(Data block)

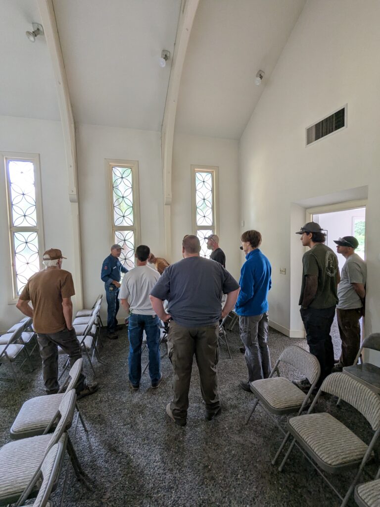 Wood Repair workshops were conducted by Al Williams, whose 32-year career began in 1984 at Grand Teton National Park. As former Principal Preservation Specialist and Trainer at the National Park Service’s Western Center for Historic Preservation, Al brought decades of experience in historic window and door construction, millwork replication, and building assessment to Elk Rock Garden. His expertise proved invaluable as students repaired our front entry columns and chapel windows, and refinished our front and back entry doors, including adjacent wooden screen doors.
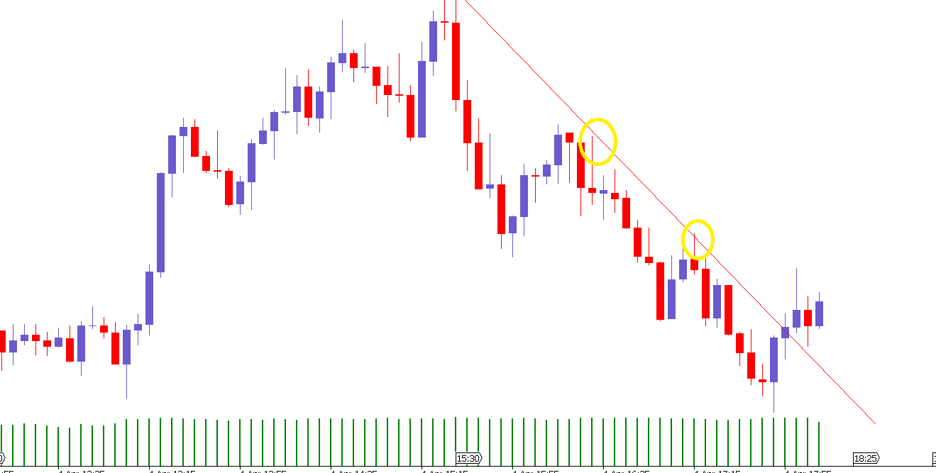 If it a downward trend, the trend line has to touch at least two wicks on the trend to be credible.
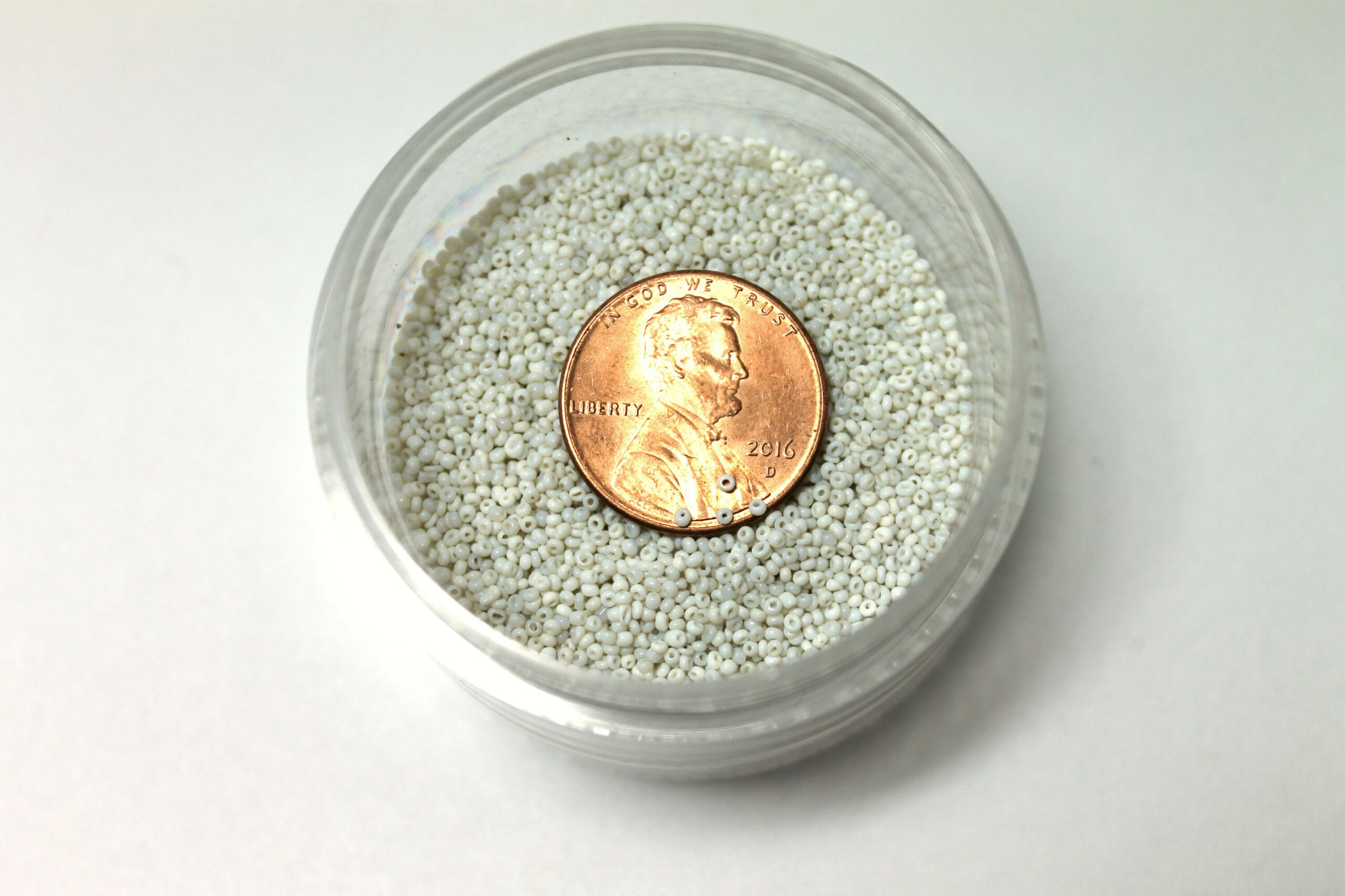 These beads measure about 1.2mm, there are approximately 30 beads per inch. These beads are sold in a 3 inch tube which is 15 grams, about 13,650 beads.

(End Data block)

> [Assigned task] Copy out the data exactly and keep the pictures out.

> [Result of the task]
 Wood Repair workshops were conducted by Al Williams, whose 32-year career began in 1984 at Grand Teton National Park. As former Principal Preservation Specialist and Trainer at the National Park Service’s Western Center for Historic Preservation, Al brought decades of experience in historic window and door construction, millwork replication, and building assessment to Elk Rock Garden. His expertise proved invaluable as students repaired our front entry columns and chapel windows, and refinished our front and back entry doors, including adjacent wooden screen doors.
 If it a downward trend, the trend line has to touch at least two wicks on the trend to be credible.
 These beads measure about 1.2mm, there are approximately 30 beads per inch. These beads are sold in a 3 inch tube which is 15 grams, about 13,650 beads.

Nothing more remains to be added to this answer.